__What is expected__:
In the data below, find the line containing "dry and cool" and the line containing "Eau de coco, moins", then reproduce them and every line between, exactly. Omit pictures.

__Given records__:
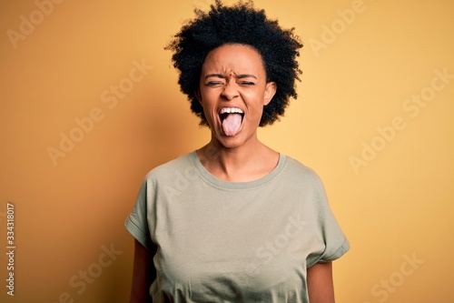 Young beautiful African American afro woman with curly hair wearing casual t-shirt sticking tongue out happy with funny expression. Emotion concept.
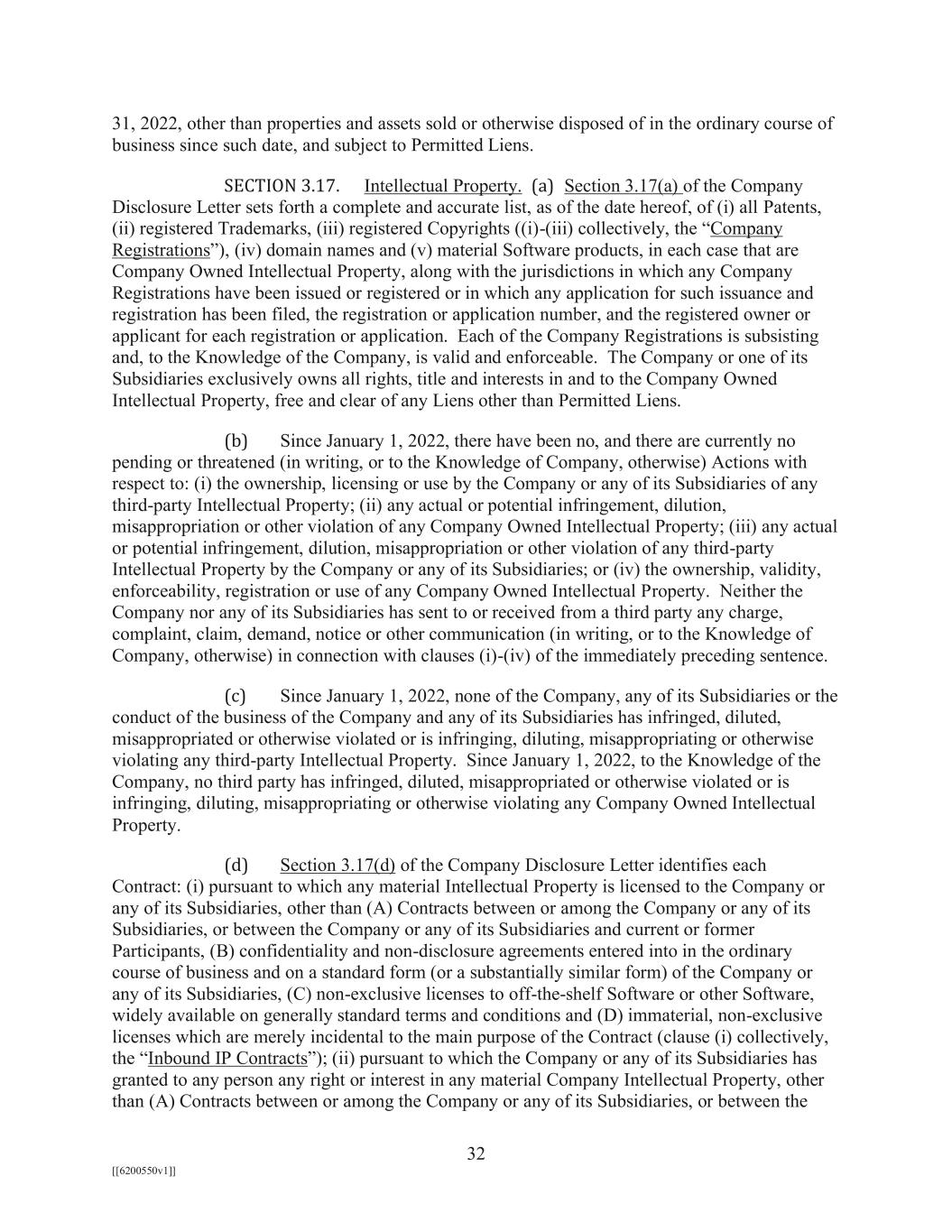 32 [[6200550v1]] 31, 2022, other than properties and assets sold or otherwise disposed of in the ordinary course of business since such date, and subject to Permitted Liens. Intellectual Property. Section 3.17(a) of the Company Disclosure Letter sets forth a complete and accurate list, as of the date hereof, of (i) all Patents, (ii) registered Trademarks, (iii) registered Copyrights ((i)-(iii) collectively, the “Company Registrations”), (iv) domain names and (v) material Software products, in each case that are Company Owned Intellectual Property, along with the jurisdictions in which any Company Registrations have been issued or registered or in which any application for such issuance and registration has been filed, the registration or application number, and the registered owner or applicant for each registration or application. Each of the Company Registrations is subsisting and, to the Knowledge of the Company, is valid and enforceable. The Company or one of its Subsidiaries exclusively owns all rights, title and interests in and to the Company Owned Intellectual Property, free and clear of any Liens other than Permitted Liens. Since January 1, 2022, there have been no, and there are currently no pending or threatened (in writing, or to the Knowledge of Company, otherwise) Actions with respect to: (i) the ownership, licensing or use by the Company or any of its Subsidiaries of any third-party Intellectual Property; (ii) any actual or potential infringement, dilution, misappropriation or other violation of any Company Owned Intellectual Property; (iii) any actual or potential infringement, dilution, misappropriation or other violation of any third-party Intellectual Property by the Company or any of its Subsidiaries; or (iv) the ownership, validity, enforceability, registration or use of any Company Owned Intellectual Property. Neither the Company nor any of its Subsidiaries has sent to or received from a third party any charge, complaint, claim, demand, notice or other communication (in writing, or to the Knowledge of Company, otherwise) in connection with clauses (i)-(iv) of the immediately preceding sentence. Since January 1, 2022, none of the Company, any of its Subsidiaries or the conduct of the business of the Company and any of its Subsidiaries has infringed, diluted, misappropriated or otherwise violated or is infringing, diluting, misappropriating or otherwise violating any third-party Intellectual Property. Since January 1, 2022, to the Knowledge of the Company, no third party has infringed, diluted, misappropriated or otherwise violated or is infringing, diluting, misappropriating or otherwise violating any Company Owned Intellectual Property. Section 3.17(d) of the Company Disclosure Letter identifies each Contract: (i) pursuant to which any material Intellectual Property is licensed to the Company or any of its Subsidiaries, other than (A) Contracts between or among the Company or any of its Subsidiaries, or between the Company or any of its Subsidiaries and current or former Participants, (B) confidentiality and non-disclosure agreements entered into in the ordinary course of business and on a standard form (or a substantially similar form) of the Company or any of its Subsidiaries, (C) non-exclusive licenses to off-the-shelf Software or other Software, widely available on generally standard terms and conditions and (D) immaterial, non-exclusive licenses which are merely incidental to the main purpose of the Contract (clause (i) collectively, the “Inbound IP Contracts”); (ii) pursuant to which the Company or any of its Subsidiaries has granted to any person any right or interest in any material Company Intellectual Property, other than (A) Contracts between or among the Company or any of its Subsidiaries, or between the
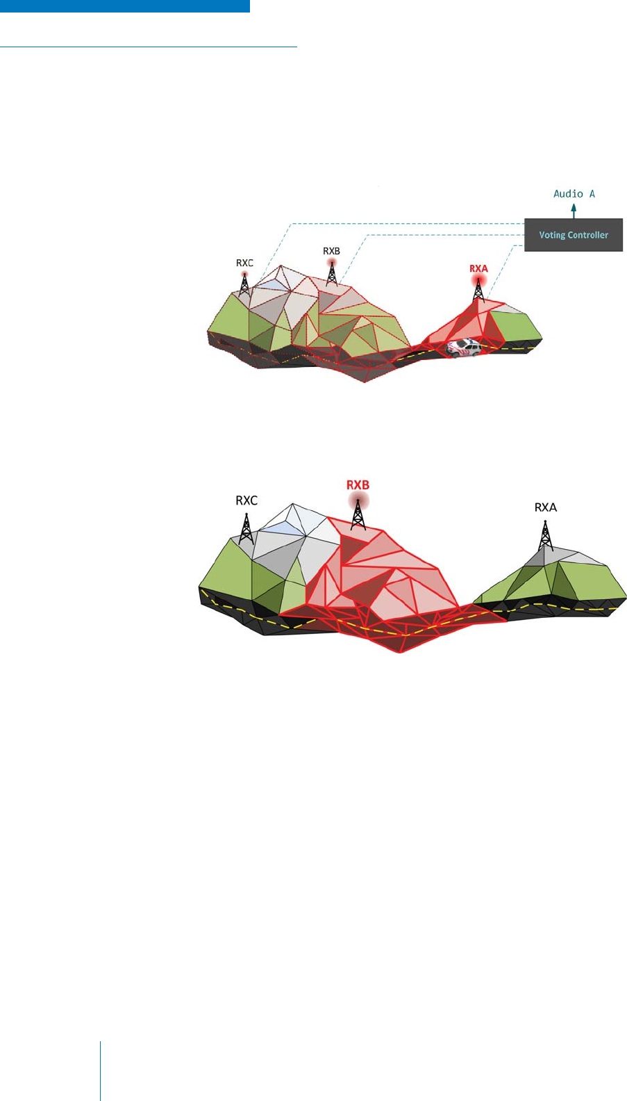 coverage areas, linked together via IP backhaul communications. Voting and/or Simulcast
==
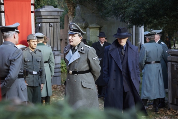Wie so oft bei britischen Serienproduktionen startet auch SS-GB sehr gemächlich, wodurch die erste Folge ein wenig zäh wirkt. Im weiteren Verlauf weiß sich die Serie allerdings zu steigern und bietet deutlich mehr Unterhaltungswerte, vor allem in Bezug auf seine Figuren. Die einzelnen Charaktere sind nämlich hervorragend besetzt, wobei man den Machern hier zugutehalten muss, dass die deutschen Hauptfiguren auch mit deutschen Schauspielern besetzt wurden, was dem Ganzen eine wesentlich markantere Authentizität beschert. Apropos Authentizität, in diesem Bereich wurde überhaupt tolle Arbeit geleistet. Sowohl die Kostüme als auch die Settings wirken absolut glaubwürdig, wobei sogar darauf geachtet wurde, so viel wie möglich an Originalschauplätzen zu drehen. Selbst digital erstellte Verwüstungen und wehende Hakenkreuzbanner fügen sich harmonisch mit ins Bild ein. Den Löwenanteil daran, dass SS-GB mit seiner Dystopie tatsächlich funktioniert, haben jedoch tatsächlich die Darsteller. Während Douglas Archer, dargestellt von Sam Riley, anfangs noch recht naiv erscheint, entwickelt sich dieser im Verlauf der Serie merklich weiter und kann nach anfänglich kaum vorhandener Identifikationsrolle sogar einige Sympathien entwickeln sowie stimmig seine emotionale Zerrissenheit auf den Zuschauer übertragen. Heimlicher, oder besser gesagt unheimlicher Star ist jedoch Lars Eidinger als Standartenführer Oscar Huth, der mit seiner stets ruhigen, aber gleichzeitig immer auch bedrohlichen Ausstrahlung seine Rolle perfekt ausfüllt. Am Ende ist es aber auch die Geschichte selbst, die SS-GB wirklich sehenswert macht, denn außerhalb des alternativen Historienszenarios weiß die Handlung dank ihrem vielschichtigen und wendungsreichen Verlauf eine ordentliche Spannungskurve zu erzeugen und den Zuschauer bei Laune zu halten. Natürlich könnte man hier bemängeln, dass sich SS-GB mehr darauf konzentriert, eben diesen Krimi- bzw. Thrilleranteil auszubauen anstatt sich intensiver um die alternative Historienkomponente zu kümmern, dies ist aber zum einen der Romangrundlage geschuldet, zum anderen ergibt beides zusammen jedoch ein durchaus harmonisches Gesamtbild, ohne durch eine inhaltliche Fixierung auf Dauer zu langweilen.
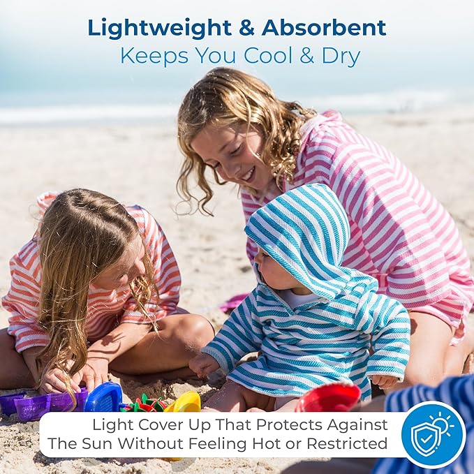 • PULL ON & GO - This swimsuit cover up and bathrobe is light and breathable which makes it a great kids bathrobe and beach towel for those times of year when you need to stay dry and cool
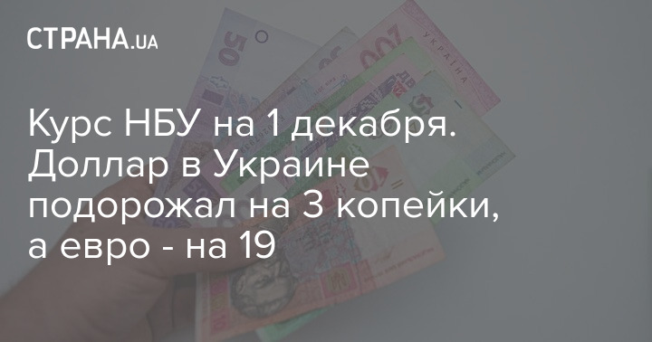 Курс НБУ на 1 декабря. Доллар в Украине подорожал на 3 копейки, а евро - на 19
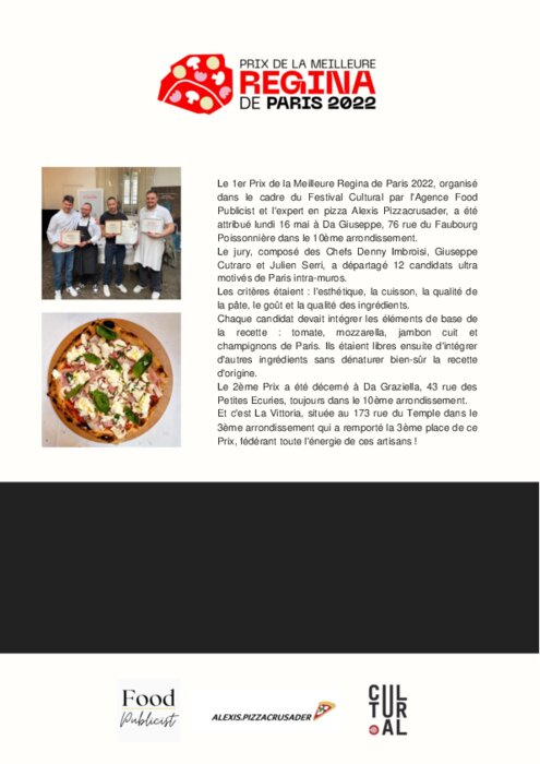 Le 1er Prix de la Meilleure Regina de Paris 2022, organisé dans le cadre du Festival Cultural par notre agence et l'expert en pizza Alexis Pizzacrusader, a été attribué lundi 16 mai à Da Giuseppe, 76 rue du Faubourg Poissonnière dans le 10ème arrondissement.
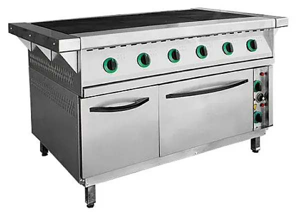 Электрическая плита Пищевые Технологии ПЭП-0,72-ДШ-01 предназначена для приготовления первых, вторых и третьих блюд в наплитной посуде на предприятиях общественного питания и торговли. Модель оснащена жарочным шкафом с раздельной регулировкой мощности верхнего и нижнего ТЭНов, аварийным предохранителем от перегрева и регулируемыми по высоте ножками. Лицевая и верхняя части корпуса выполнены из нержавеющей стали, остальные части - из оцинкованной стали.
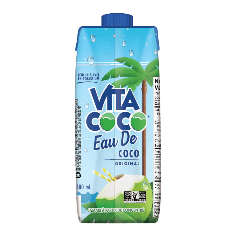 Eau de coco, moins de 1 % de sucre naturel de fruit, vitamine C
---
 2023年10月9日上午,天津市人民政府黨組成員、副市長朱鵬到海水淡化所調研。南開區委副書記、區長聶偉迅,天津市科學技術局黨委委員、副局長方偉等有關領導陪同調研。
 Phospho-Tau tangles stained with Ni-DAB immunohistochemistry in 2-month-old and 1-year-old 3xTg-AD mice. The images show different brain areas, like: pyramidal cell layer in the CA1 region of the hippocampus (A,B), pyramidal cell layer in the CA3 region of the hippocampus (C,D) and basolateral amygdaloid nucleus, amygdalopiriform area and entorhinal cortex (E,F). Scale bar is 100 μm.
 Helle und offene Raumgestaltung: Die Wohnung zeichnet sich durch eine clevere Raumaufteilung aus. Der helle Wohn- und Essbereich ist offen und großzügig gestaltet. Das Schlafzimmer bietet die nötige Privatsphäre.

__Result for this exercise__:
 • PULL ON & GO - This swimsuit cover up and bathrobe is light and breathable which makes it a great kids bathrobe and beach towel for those times of year when you need to stay dry and cool
 Курс НБУ на 1 декабря. Доллар в Украине подорожал на 3 копейки, а евро - на 19
 Le 1er Prix de la Meilleure Regina de Paris 2022, organisé dans le cadre du Festival Cultural par notre agence et l'expert en pizza Alexis Pizzacrusader, a été attribué lundi 16 mai à Da Giuseppe, 76 rue du Faubourg Poissonnière dans le 10ème arrondissement.
 Электрическая плита Пищевые Технологии ПЭП-0,72-ДШ-01 предназначена для приготовления первых, вторых и третьих блюд в наплитной посуде на предприятиях общественного питания и торговли. Модель оснащена жарочным шкафом с раздельной регулировкой мощности верхнего и нижнего ТЭНов, аварийным предохранителем от перегрева и регулируемыми по высоте ножками. Лицевая и верхняя части корпуса выполнены из нержавеющей стали, остальные части - из оцинкованной стали.
 Eau de coco, moins de 1 % de sucre naturel de fruit, vitamine C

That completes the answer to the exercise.